1. Sebelum atau sesudah makan?

Obat diminum sebelum makan, karena adanya makanan di dalam lambung akan menghambat pelarutan dan penyerapan obat. Obat diminum sesudah makan atau pada saat makan, karena obat harus melarut dalam lemak agar dapat diserap dengan baik. Jika obat ini diminum pada saat perut kosong, dapat menimbulkan mual dan muntah serta akan mmengiritasi lambung.
2. Berapa kali sehari?

Lama kerja obat berbeda-beda. Ada obat yang diminum1,2,3, aataun 4 kali sehari. Obat yang harus ditelan 1x sehari umumnya ditelan pagi hari, bila tidak diberi petunjuk lain. 2x sehari artinya obat diminum tiap 12 jam, 3x sehari artinya obat diminum tiap 8 jam dan 4x sehari artinya obat diminum tiap 6 jam. Bila takaran 4x sehari sukar diwujudkaan, sebaiknya obat diminum sebelum dan sesudah tidur pada malam hari, serta 2 kali lagi dibagi rata sepanjang hari.
3. Dengan air, limun, atau susu?

Sebaiknya obat diminum dengan air putih.
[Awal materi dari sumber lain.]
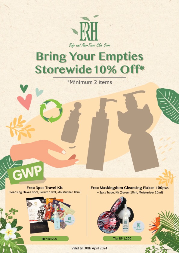 Bring your empties to us and enjoy 10% OFF any of your purchases during this April Month! On top of it, get rewarded with your favourite travel kits when you spend above each tiers!

Susu tidak selalu layak diminum dengan obat, karena mengandung kalsium, khususnya zat-zat antibiotik seperti halnya tetrasiklin. Ini karena kalsium dapat mengikat tetrasiklin, sehingga obat dari usus/saluran pencernaan tidak dapat diserap oleh darah.


Bagaimana Cara Menyimpan Obat?

Semua obat sebaiknya disimpan di tempat yang sejuk, dalam wadah asli dan terlindung dari lembab cahaya.
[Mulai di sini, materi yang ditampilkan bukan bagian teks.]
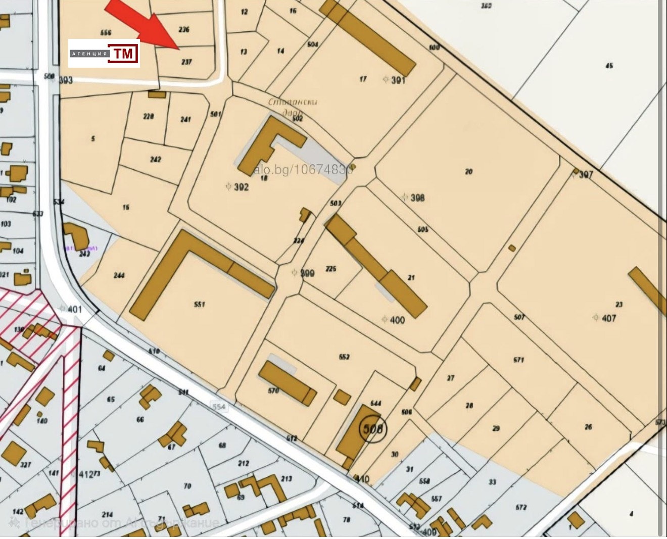 Парцелите са два 912кв + 1043кв , продават се заедно.

Tanda-tanda Kerusakan Obat

Suatu obat telah menjadi rusak bial terjadi perubahan warna, larutan yang bening menjadi keruh atau berjamur, bentuk dan baunya berubah. Obat yang rusak tidak boleh diminum, karena akan dapat membentuk zat-zat beracun atau menjadi tidak berefek pada tubuh. Pada waktu membeli obat, sebaiknya dilihat tanggal kadaluwarsanya, juga bungkusan aslinya apakah masih dalam keadaan baik atau sudah rusak.


Antibiotik
Obat yang tergolong antibiotic. Dalam pemakaiannya harus dihabiskan untuk menghindari kambuhnya penyakit. Bila masih ketinggalan sisa akibat dari bagian obat yang tidak habis, maka sisa obat tersebut tidak boleh disimpan.